# Dog Ramps



## patp (Apr 30, 2007)

I have posted this in the pets section but thought I would try here too.

We have a Hymer B544 1991 left hand drive. We are looking for a dog ramp and most are wider than the habitation door on our van. The bottom flat part, where the ramp would rest, measures 16 inches.

We are prepared to make our own if we can make it safe at the part where it rests on the door way.


----------



## smick (Jun 1, 2005)

Try here: http://www.barjo.co.uk/products/discounted-productsre

Small wooden dog ramp 48 x 12"

Smick


----------



## smick (Jun 1, 2005)

Just found that they also do alluminium ramps on the Barjo site as well which are 16" wide if that helps ?
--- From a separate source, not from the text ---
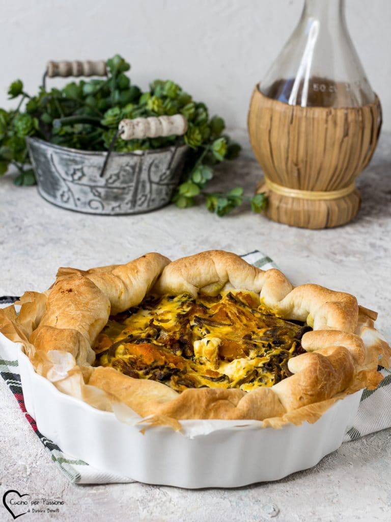 Tarte salée à la courge et aux pommes de terre une tarte salée riche et savoureuse que vous préparez facilement. Elle est excellente servie en entrée ou pour accompagner un apéritif gourmand. La tarte salée pommes de terre et courge est délicieuse chaude ou à température ambiante, parfaite donc à emporter au travail pour la pause déjeuner, ou à servir lors d’un buffet. J’ai enrichi cette tarte salée aussi avec des champignons pour qu’elle soit encore plus savoureuse, vous pouvez utiliser des champignons de Paris sautés ou un mélange de champignons. J’ai utilisé de la pâte feuilletée, vous pouvez également utiliser de la pâte brisée. Voyons maintenant comment préparer la tarte salée à la courge et aux pommes de terre, et si vous l’essayez, faites-le moi savoir. Barbara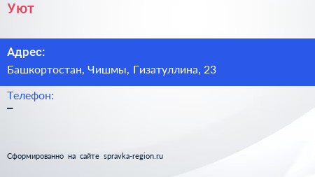 Уют по адресу Башкортостан, Чишмы, Гизатуллина, 23 в дальнейшем Организация, размещена в следующих категориях:

http://www.barjo.co.uk/products/ramps

Smick


----------



## patp (Apr 30, 2007)

Thanks Smick
They look good and from a quality manufacturer too!

Will show them to Chris (who thinks we should carry on lifting 25kg dog into motorhome) and see what he says.


----------



## smick (Jun 1, 2005)

Discuss with Chris what potential physiotherapist's bills will look like - I'm sure he'll see sense !


----------



## patp (Apr 30, 2007)

Daughter's a physio :roll: Can't fix the dog though can she? Oh no "busy" "not qualified to treat dogs" etc etc etc. So after paying for her education we have to now pay £38 a week for an vet/acupuncturist. Mutter mutter mutter.


----------